How to perform Hot Key Analysis?


#1

Hi,

How can one go about analyzing which are the hottest N keys that are being queried and/or updated? I’m aware of Hot Key error code 14 but that might be a bit too late (and also only applies to updates) - how can one do it proactively?

Btw, I am aware that keys should be random and evenly distributed but it always happens that there are some weird ones out there that we end up having to filter - e.g. empty strings, “null”, “N/A”, etc - things that are most likely invalid but unless we find them we can’t filter them out.

Thanks!


#2

This may not be so elegant, but you can give it a shot.

You can take a backup of the namespace/set without bin data (-x option). This will dump all the records with their metadata including generation. The hottest keys will tend to have very high generation number. You should be able to catch a good number of hot keys. There is a risk of missing some hotkeys as the generation will wrap around 65535. If you take multiple samples, you should be able to catch a fairly good number of hot keys.

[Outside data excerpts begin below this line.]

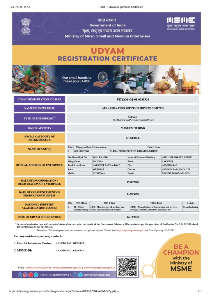 ATPL the name which denotes caring approach, having sound infrastructure in pollution free environment covering 55000 sq ft land area and 20000 sq ft production area with class 10000 clean rooms.
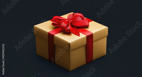 Obraz premium Luxury Golden Gift Box with Elegant Bow and Ribbon on Dark Background
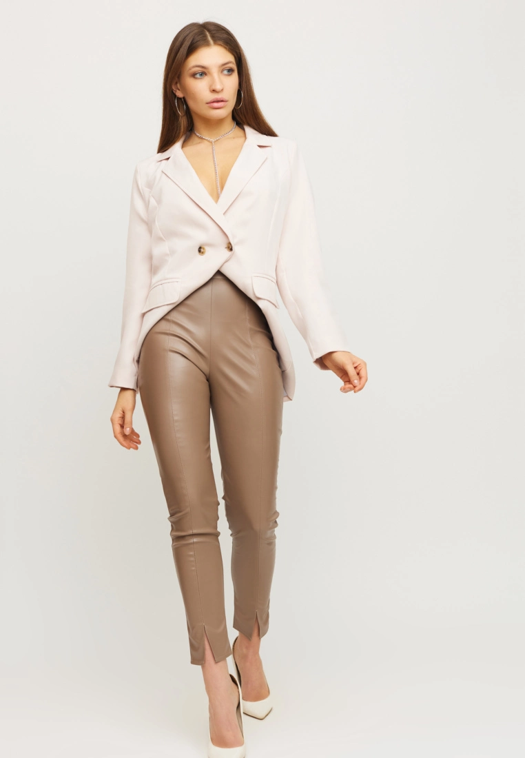 Лосины из эластичной экокожи, посадка высокая, спереди разрезы

Another way is to enable debug logging for thr_rw module. Be careful as this will print lot of stuff in the error log file. We print the first 8 bytes of the digest. You can write a script to catch them and find the most commonly occurring ones.


#3

@sunil,

This makes sense for hot writes, but my use case is infrequent writes with a lot more frequent reads – for reads the gen won’t change so this won’t help.

I was thinking of periodically running tcpdump and trying to get something out of there but it’s hard to parse that output


#4

You are right. The backup idea will not work for reads. But the debug logging of the thr_rw module can work for reads. Parsing this can be easier than parsing the tcpdump output as the aerospike messages will be more human friendly.